Department of Epidemiology and Biostatistics, School of Public Health, Tehran University of Medical Sciences, Tehran, Iran, Non-Communicable Disease Research Center, Endocrinology and Metabolism Population Science Research Institute, Tehran University of Medical Sciences, Tehran, Iran. mohamadk@ tums.ac.ir,
Non-Communicable Disease Research Center, Endocrinology and Metabolism Population Science Institute, Tehran University of Medical Sciences, Tehran, Iran Endocrinology and Metabolism Research Center, Endocrinology and Metabolism Institute, Tehran University of Medical Sciences, Tehran, Iran.
Arch Iran Med. 2014 Jan;17(1):28-33.
Identifying the burden of disease and its inequality between geographical regions is an important issue to study health priorities. Estimating burden of diseases using statistical models is inevitable especially in the context of rare data availability. To this purpose, the spatio-temporal model can provide a statistically sound approach for explaining the response variable observed over a region and various times. However, there are some methodological challenges in analysis of these complex data. Our primary objective is to provide some remedies to overcome these challenges.
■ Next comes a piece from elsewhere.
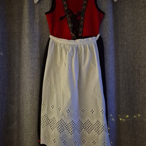 Pen festdrakt. Kort modell. Stakken er fra Peko Stranda og er str 6 år. Skjorten er Rosenberg 7 år. Tinnknapper. Pent brukt.

Data from nationally representative surveys and systematic reviews have been gathered across contiguous areal units over a period of more than 20 years (1990 - 2013). Generally, observations of areal units are spatially and temporally correlated in such a way that observations closer in space and time tend to be more correlated than observations farther away. It is critical to determine the correlation structure in space-time process which has been observed over a set of irregular regions. Moreover, these data sets are subject to high percentage of missing, including misaligned areal units, areas with small sample size, and may have nonlinear trends over space and time. Furthermore, the Gaussian assumption might be overly restrictive to represent the data. In this setting, the traditional statistical techniques are not appropriate and more flexible and comprehensive methodology is required. Particularly, we focus on approaches that allow extending spatio-temporal models proposed previously in the literature.Since statistical models include both continuous and categorical outcomes, we assume a latent variable framework for describing the underlying structure in mixed outcomes and use a conditionally autoregressive (CAR) prior for the random effects. In addition, we will employ misalignment modeling to combine incompatible areal units between data sources and/or over the years to obtain a unified clear picture of population health status over this period. In order to take parameter uncertainties into account, we pursue a Bayesian sampling-based inference. Hence, a hierarchical Bayes approach is constructed to model the data. The hierarchical structure enables us to "borrow information" from neighboring areal units to improve estimates for areas with missing values and small number of observations. For their general applicability and ease of implementation, the MCMC methods are the most adapted tool to perform Bayesian inference.
This study aims to combine different available data sources and produce precise and reliable evidences for Iranian burden of diseases and risk factors and their disparities among geographical regions over time. Providing appropriate statistical methods and models for analyzing the data is undoubtedly crucial to circumvent the problems and obtain satisfactory estimates of model parameters and reach accurate assessment.
确定疾病负担及其在地理区域之间的不平等是研究卫生重点的重要问题。使用统计模型估计疾病负担在数据可用性有限的情况下是不可避免的。为此,时空模型可以为解释在一个地区和不同时间观察到的响应变量提供一种统计上合理的方法。然而,在分析这些复杂数据时存在一些方法学挑战。我们的主要目标是提供一些补救措施来克服这些挑战。
数据来自全国代表性调查和系统评价,跨越 20 多年(1990-2013 年)的连续地域单元。通常,地域单元的观测在空间和时间上是相关的,空间和时间上较近的观测比较远的观测更相关。确定在一组不规则区域中观察到的时空过程的相关结构至关重要。此外,这些数据集存在大量缺失,包括错位地域单元、样本量小的区域,并且可能在空间和时间上存在非线性趋势。此外,高斯假设可能过于严格,无法表示数据。在这种情况下,传统的统计技术并不适用,需要更灵活和全面的方法。特别是,我们专注于允许扩展文献中先前提出的时空模型的方法。由于统计模型包括连续和分类结果,因此我们假设潜在变量框架来描述混合结果中的基本结构,并为随机效应使用条件自回归(CAR)先验。此外,我们将采用错位建模来组合数据源之间和/或多年来不兼容的地域单元,以获得该时期人口健康状况的统一清晰图景。为了考虑参数不确定性,我们采用基于贝叶斯抽样的推理。因此,构建了分层贝叶斯方法来对数据进行建模。分层结构使我们能够从相邻的地域单元中“借用信息”,以提高对缺失值和观测值较少的区域的估计值。为了具有通用性和易于实现,MCMC 方法是执行贝叶斯推理的最适合工具。
本研究旨在结合不同的可用数据源,为伊朗疾病负担和风险因素及其随时间在地理区域之间的差异提供准确可靠的证据。提供适当的统计方法和模型来分析数据无疑是至关重要的,可以避免问题并获得模型参数的满意估计值,从而进行准确的评估。